SPRACHIMPERIALISMUSBEKÄMPFUNG
und
ANGLIZISMENINTOLERANZ

I mean, nobody in their right mind would string those together like that, but you could if you wanted!
posted by Omnomnom at 3:03 PM on November 21, 2019 [2 favorites]


The creation of the EU is the best thing since sliced Bauernbrot. But I can see how the various nations, cultures within nations, the love for the Heimatsland, is threatened by globalization. Then arises the concept of cultural appropriation, but are immigrants, guilty of cultural appropriation when they take on the culture where they move, for whatever reason they move there?

Old English and Old German are very nearly the same language, and there were people who cross translated each other's works, like Longfellow, and Goethe.

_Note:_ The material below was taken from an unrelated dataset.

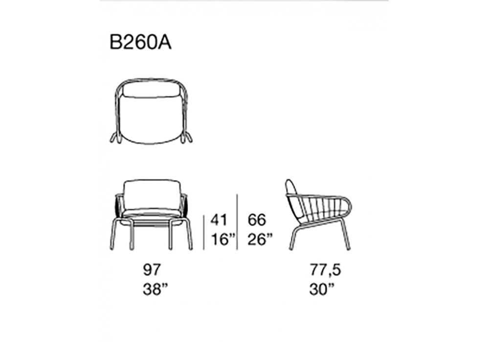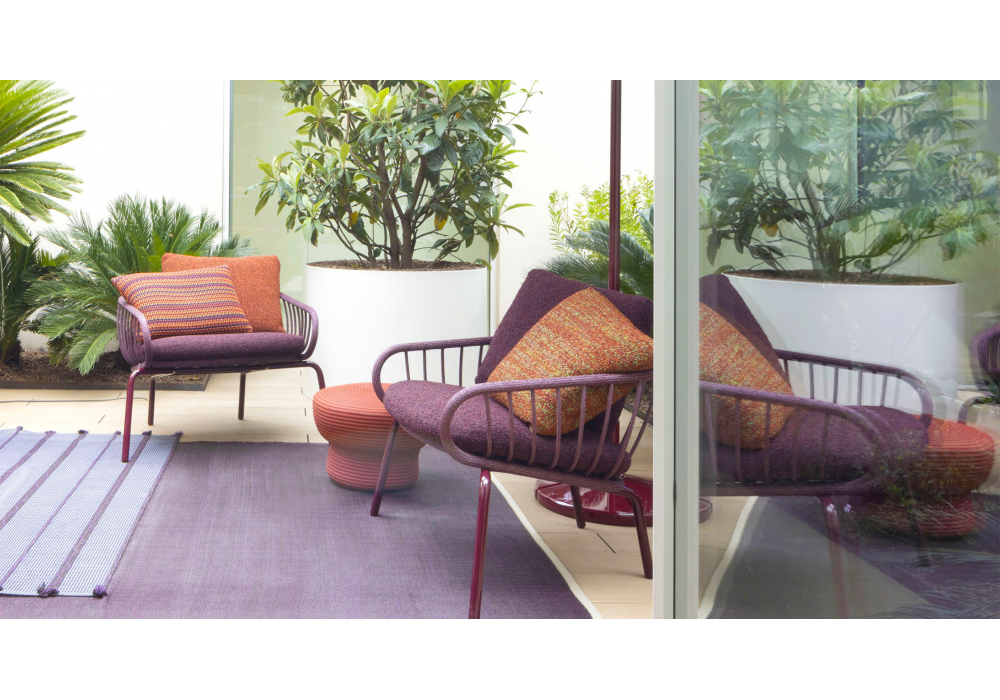 Erica von Gianluca Abbadessa für Paola Lenti entworfen, ist ein geschwungener Sessel aus Aluminium. Gestell aus glänzend lackiertem Aluminium mit Kunststoffspitzen und Aluminiumschale mit Twiggy-Garngeflecht. Sitz- und Rückenpolster mit abnehmbarem Stoffbezug in verschiedenen Ausführungen.

New technologies get new names, and it seems naming rights should go to the creators. I think the EU is one thing, and then Mandarin naming of new things, and Japanese naming of new things, and every other creator naming of new things, will make a modern hodgepodge. People get nervous, especially when they feel left behind, or they think their power platforms are eroding.

I am a fan of change, since that is what is. How we communicate, as well as what we communicate about, changes. Our roles in society, change, so, language changes as well. I spent 6 years of my life in Germany, I speak the language, it doesn't make me anything, except a fan of the place, and the people. I am now learning Spanish, since I have been immersed in it forever. Learning that is fun because each lesson, clarifies so many questions about why things are named as they are, and clarifies what I have been hearing so long.

Language is fun stuff, idiom, and accent, dialect, and all. Switzerdeutsch, is like trying to speak Deutsch without moving your lips, kind of the same for Bayerische dialect. But go to the Alsace Lorraine, then you hear French and German combine with the most amazing accent. No complaints from me.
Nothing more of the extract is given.